Mass casualty incidents are incidents that have more patients than what can be provided by the local ambulance service. How would the medics know they are in the middle of a mass casualty incident?

Ambulance – Medic One to dispatch

Dispatch – Go ahead Medic One

Ambulance – It looks like there are 20 patients on this scene, we will need 9 more ambulances

Dispatch – Sorry Medic One, I can only send you 3

Sounds like it’s time to flip the script and manage the call differently. If dispatch can’t send enough ambulances to the scene in a reasonable period of time, the medics will have to begin reverse triage.

Reverse triage is a method of triaging mass casualty incidents that was born on the battlefields of the Civil War. Army medics in history have been confronted with numerous casualties, some worse than others. Some patients can walk and other patients are just too far gone to worry about. Add to the problem of there only being one medic assigned to a platoon of 30 infantry, and every incident is a mass casualty incident.

In a mass casualty, the least injured patients are the first to leave

At mass casualty incidents, there will be a wide range of injuries, some more debilitating than others. The easiest group to start with are patients who can walk. The walking wounded patients are the first priority as they can be told to move to a location. Once all the walking wounded have been collected, they can be transported to the hospital in a van or a school bus.
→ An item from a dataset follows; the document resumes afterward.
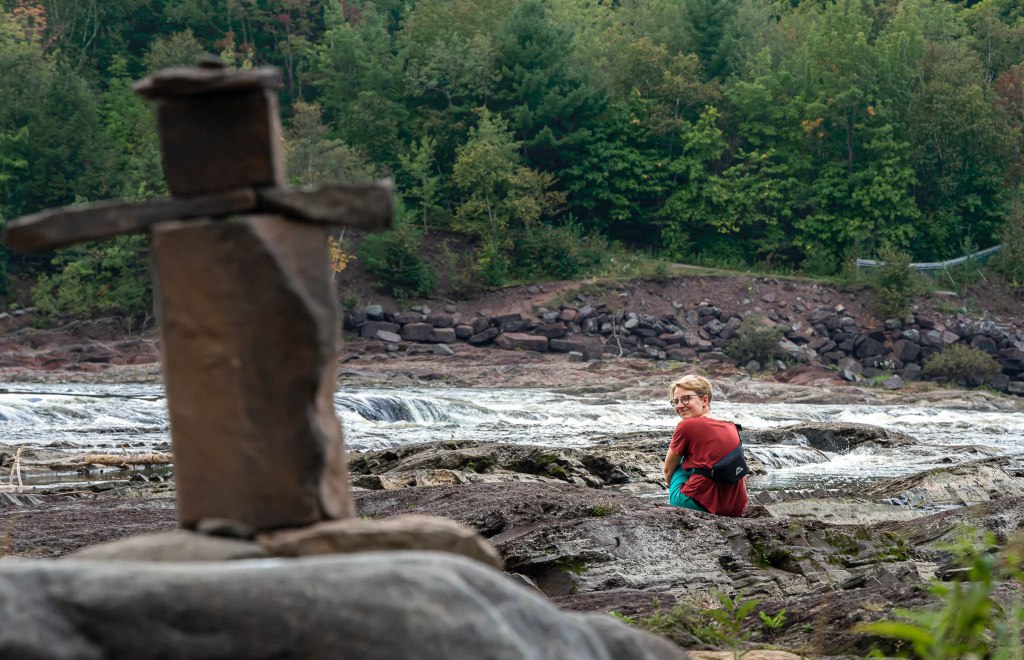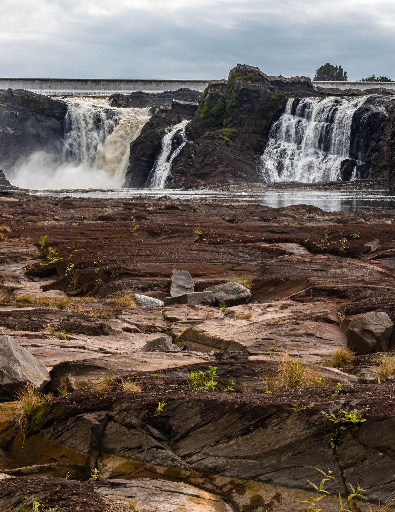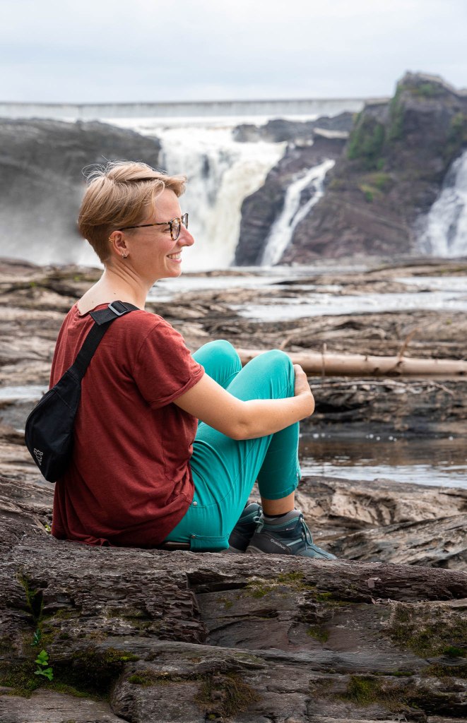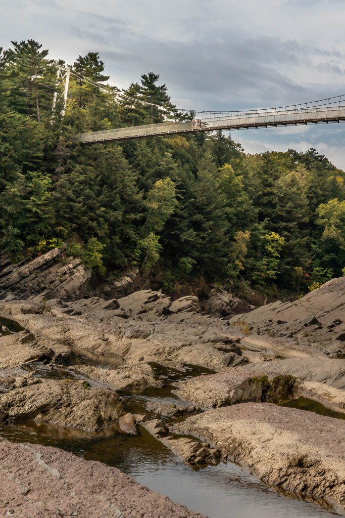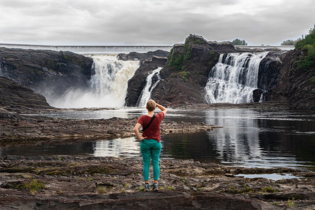 Après avoir vécu moultes péripéties qui lui ont fait respirer le coeur très fort, elle m’a récupérée à Québec pour continuer l’aventure ensemble. Mon mitraillage photographique commence par les chutes de la Chaudière, de l’autre côté du pont vers Lévis (et non pas du pont-levis, tagada tsoin tsoin), souvent bien moins connues mais tout aussi chouettos que leurs cousines Montmorency. Rappelle-toi, on a déjà vu tout ça ici en 2015 avec el Papounetto, diantre pouet.

Leaving the ambulances to manage other patients.

Once the walking wounded have been removed, the medics are only left with patients who can’t walk

Now the medics have to make their way through the crowd of patients who are unable to self ambulate (walk). The reality of non walking patients is that the range of injuries can be quite diverse, some more serious than others. If a patient can’t walk because they only have a sprained ankle, the patient can probably wait to be evacuated so the medics can evacuate a more injured patient. So how are the medics to know which of the non ambulatory patients are worse than the others?

The START Triage System

 Many EMS agencies and fire departments currently use the START triage system, which is the national standard for fire and EMS services. The system is designed to allow a group of trained individuals to rapidly triage (that’s French for, “to sort”), manage a patient population (of any size), and transport those patients to appropriate destinations (in an organized manner). The START triage system is not intended for use on routine calls (with several patients). Additionally, START also expects the triage team to assume that certain patients are dead, when in fact they very well might have a pulse. The reason is that certain patients might normally have chance for survival if the incident involved one or two patients (because you would be able to allocate personnel to treat them), however, in a mass casualty incident, taking that manpower away from the incident could decrease the survival of other, less injured patients. The goal of any triage and mass (or multi) casualty plan is to take steps to ensure that the maximum number of patients will survive (it’s not there to “save” everybody, just as many as possible).